Бережно раскрыв яйцо, она сунула его под нос Лидии — пусть завидует.
Большинство яиц в коллекции Энн Лестер, как и вообще большая часть имущества Лестеров, были «приобретены» во время Великой депрессии. «Дочери Конфедерации»[18] и понятия не имели, что первые Лестеры, добравшиеся до Нового Света, были пиратами. Сбежав из Северной Каролины, они переселились в Теннеси и тут, привязанные к земле, вынуждены были заняться банковским делом. Таков был естественный ход эволюции.
— Это Фаберже? — поинтересовалась Лидия, разглядывая яйцо.
— Ну-у… нет.
Лидия со вздохом отвернулась, и самый дорогой экспонат в собрании Энн Лестер вдруг словно бы обесценился.
Держа в руке чашку, Лидия вяло бродила от картин к фарфоровым птичкам. Она любезно согласилась посмотреть, какую ткань Энн выбрала для штор, еле скрыла зевоту при виде обоев и приподняла бровь, когда ей показали бронзовую статуэтку Ремингтона.[19] Но взгляд Лидии во второй раз вернулся к вазе с каллами, Анн Лестер поняла, что рыбка попалась в сеть.

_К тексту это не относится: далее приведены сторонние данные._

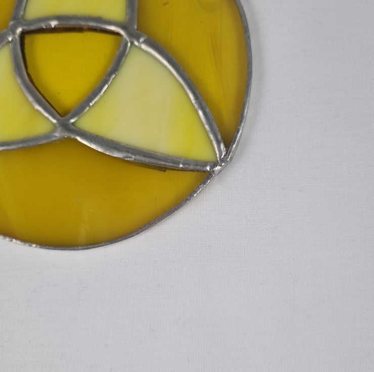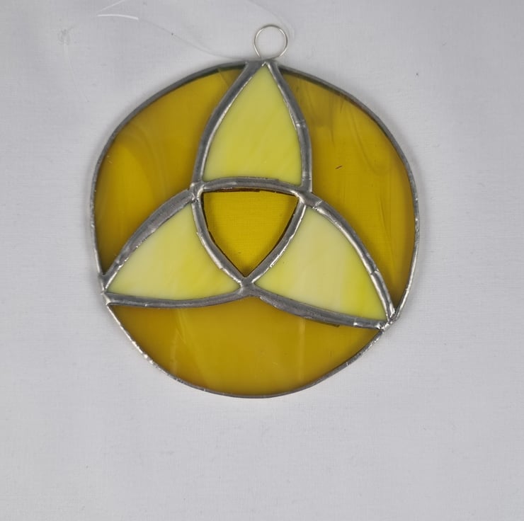 The Celtic circle is inspired by the Triquetra design and is handmade using the copper foil technique.

— Уж не знаю, сколько раз можно твердить домработнице, чтобы она ежедневно выкидывала старые цветы, — пожаловалась Энн.
— Выкидывала? — эхом повторила Лидия.
Схватив великолепные, безупречные цветы за стебли, Энн швырнула их в камин.

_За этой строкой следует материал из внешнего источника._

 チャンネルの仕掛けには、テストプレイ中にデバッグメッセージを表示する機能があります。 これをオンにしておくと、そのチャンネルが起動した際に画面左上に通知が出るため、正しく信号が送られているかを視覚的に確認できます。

— Люблю, чтобы мне каждое утро приносили только что срезанные цветы, — пояснила она, отряхнув руки.
— Только что срезанные?
— Прямо из сада.
— У вас растут лилии?
— Так и лезут из земли, будто сорняки, — Энн небрежно отмахнулась. — Захватили почти весь сад. Помнится, моя мама говаривала: «Лишь у того, чье сердце изо льда, в саду не будет лилий никогда».
Женщины обменялись улыбками.
— Ну, что ж, моя дорогая, — произнесла Энн Лестер, вставая, — я очень рада вашему визиту, однако мне пора идти на собрание.
— Собрание? — Лидия отпила глоточек чаю.
— Я состою в Благотворительной организации женщин-христианок. Мы должны обсудить ежегодную рождественскую ярмарку.
— Ярмарку?
— Собираем средства в пользу бедноты.
Лицо Лидии было непроницаемым, как у спящей кошки. Энн гадала: то ли соседка не одобряет сбор денег при церкви, то ли вообще не знает, что значит «беднота».
— Я отвечаю за закуски.
— Закуски?
— Например, будербродики-канапе с курицей и салатом с орехами пекан. Нужно еще непременно обрезать корочки.
Энн нервно крутила на шее одинокую нитку жемчуга и жалела, что ее кухарка не кладет в салат более дорогой миндаль вместо пекана.
Лидия поглядела в окно. Грузовичок Буна Джексона всё еще стоял возле ее дома.
— Хорошо, — сказала Лидия, опуская чашку на блюдечко, — тогда я возьму на себя чай.
Энн Лестер от неожиданности даже задержала дыхание.
— Вообще-то, — наконец выдавила она, — мы собирались подавать фруктовый пунш с апельсиновым мороженым.
Лидия выгнула бровь, хозяйку дома от этого взгляда чуть кондрашка не хватила.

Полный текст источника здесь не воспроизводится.